5 perguntas para se fazer antes de divulgar uma “grande ideia”

Uma boa checagem, mesmo para quem está acostumado com trabalho criativo, pode evitar que muitas bobagens venham à luz

Crédito: Istock

Robin Landa 3 minutos de leitura

Por favor, não conte ao doutor que fui eu quem disse isso, mas preste atenção: médicos que trabalham em hospitais, mesmo os mais experientes, nem sempre se lembram de lavar as mãos antes de atender um paciente.

Pensando nisso, o diretor do Instituto Armstrong para Segurança e Qualidade no Atendimento a Pacientes, Peter j. Pronovost, instituiu uma checklist a ser observada por todos que lidam com pacientes, com o objetivo de reduzir os casos de infecção hospitalar. A lista inclui o óbvio “lavar as mãos”.

Uma vez implementada a prática de seguir a lista no hospital Johns Hopkins, em Baltimore (EUA) – ao qual o instituto é ligado –, as taxas de infecção despencaram.

O que poderia ser mais básico do que lavar as mãos? Acontece que essa medida fundamental nem sempre foi protocolo hospitalar. Foi em 1846 que o doutor Ignaz Semmelweis veio com a ideia de que, ao examinar pacientes ou fazer cirurgias, os médicos deveriam higienizar as mãos.

qualquer especialista tem que pensar em muitas coisas durante o desenvolvimento de uma ideia ou projeto.

Mas o que isso tem a ver com gerar novas ideias?

Assim como os médicos têm que lidar com as complexidades da sua profissão, qualquer especialista tem que pensar em muitas coisas durante o desenvolvimento de uma ideia ou projeto. É preciso se assegurar de que todas as metas desejadas estão sendo levadas em conta e não perder de vista nem os fundamentos do negócio nem os objetivos e a missão dos criadores.

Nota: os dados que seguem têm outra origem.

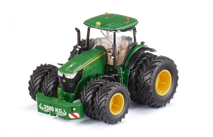 Met de app bestuurbare tractor met dubbele bandenModerne tractoren zijn uitgerust met digitale techniek om het land zo efficiënt mogelijk te bewerken. Ook bij de nieuwe SIKUCONTROL John Deere 7290R wordt gebruikgemaakt van de nieuwste digitale techniek: De tractor wordt bestuurd met een smartphone of tablet. De SIKU app en de Bluetooth technologie maken het mogelijk. De vele functies van de tractor garanderen veel speelplezier voor jonge en jong gebleven tractorbestuurders. De krachtige vertegenwoordiger van de nieuwe 7R serie van John Deere is door de dubbele banden een indrukwekkende verschijning. Door de dubbele banden wordt bij zachte grond de druk van de tractor gereduceerd. De banden worden gemonteerd met behulp van magneten die in de velgen zijn geïntegreerd en zorgen voor een stevige verbinding. Deze technologie is tot nog toe uniek voor op afstand bestuurde tractoren. Hierdoor kan het monteren en verwijderen van de banden zeel snel zonder gereedschap worden uitgevoerd. De John Deere 7290R kan met de gebruikelijke banden aan de voor- en achteras, met dubbele banden rondom of alleen dubbele banden achter worden gereden. De SIKUCONTROL-tractor van metaal en kunststof onderscheidt zich niet alleen door de talrijke features maar ook door de aandacht voor details die de fans weten te waarderen. Alle functies en de drie transmissies van de tractor kunnen via de app worden bediend, of naar keuze ook via de virtuele joystick bediening of de bewegings- en kantelsensoren van het mobiele apparaat. Deze intuïtieve feature is een welkome afwisseling bij het spelen. Met de app is nauwkeurig rangeren mogelijk en de aanhanger en de aanbouwapparaten kunnen worden gekoppeld. De koppeling achter wordt elektronisch aangestuurd. Met de app kunnen de rijverlichting op de motorkap, de werkschijnwerpers aan de cabine, de knipperlichten achter en de verlichting rondom worden geschakeld. De SIKU-app geeft tractorfans daarnaast nog interessante informatie over de John Deere 7290R tractor. Het is ook mogelijk om een naam voor de tractor op te slaan. De instellingen en functies van de app worden permanent bijgewerkt. Met behulp van de OTA (Over-The-Air)-functie van de app kunnen software-updates voor de tractor direct worden geïnstalleerd. Als alternatief voor de SIKU APP kan de tractor via de Bluetooth module voor de afstandsbediening worden bestuurd.
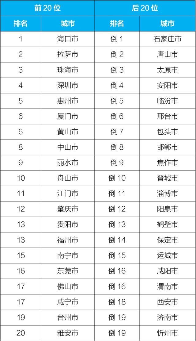 7月,168個(gè)重點(diǎn)城市中唐山、石家莊和太原市等城市空氣質(zhì)量相對(duì)較差(從倒數(shù)第1名至倒數(shù)第20名);珠海、??诤椭猩绞械瘸鞘锌諝赓|(zhì)量相對(duì)較好(從第1名至并列第19名,見附表5)。

Nesse sentido, fiz uma lista de pontos fundamentais a serem checados, de modo a ajudar os profissionais a não se desviar do caminho nem espalhar germes – quer dizer, ideias ruins. Como aquela checagem que os pilotos de avião repassam a cada voo, esta lista serve bem em situações normais, mas também quando se está sob pressão.

O cirurgião Atul Gawande, autor do livro “Checklist – Como Fazer as Coisas Bem-Feitas”, conta a história de um grupo de pilotos de teste que, em 1935, se juntaram após um trágico acidente com um avião modelo 299 devido a um “erro humano”.

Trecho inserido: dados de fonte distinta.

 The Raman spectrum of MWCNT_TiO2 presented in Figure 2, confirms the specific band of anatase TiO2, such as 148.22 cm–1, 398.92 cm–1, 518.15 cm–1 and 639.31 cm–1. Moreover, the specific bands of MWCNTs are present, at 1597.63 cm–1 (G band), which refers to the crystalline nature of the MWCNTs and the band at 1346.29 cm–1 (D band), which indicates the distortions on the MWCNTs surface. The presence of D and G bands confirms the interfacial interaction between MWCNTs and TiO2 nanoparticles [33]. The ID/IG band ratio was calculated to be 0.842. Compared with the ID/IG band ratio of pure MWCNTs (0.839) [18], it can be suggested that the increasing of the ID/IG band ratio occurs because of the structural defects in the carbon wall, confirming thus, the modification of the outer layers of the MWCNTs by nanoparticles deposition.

Eles criaram uma lista de checagem com o passo a passo de verificações antes da decolagem, do pouso e das manobras de taxiamento na pista. Para o grupo, as novas aeronaves eram complexas demais para se deixar que os pilotos confiassem apenas na memória na hora de conferir se estava tudo certo.

SUA IDEIA GABARITA ESSA CHECKLIST?

1 . Missão

– Quando a ideia inicial surgiu, você levou em consideração a missão da empresa?

– A ideia está alinhada com os valores corporativos e com os objetivos mais amplos da organização (além das metas mais imediatas do projeto em questão)?

2 . Equidade

– A ideia leva em conta aspectos como diversidade, igualdade e inclusão?

– Ela foi apresentada a pessoas com diferentes pontos de vista para que dessem sua opinião?

3 . Vantagens

– Estão sendo considerados os benefícios para as pessoas, o planeta e a lucratividade?

– É uma ideia que produz bons resultados sem prejudicar nada nem ninguém (o tal cenário ganha-ganha)?

4 . Consequências negativas

– Já pensou em tudo o que pode dar errado?

5 . Sucesso

– Até que ponto a organização terá sucesso se a ideia for implementada?

CRÍTICAS DESCONSTRUTIVAS

Você já deve ter ouvido falar de escolas de pensamento que refutam novas ideias vindas de pessoas consideradas inovadoras. Pense na reação dos críticos de arte da época (fim do século 17) à pintura impressionista de Claude Monet, ou na dos arquitetos ao projeto do Centro Georges Pompidou, em Paris (hoje considerado um clássico) nos anos 1970.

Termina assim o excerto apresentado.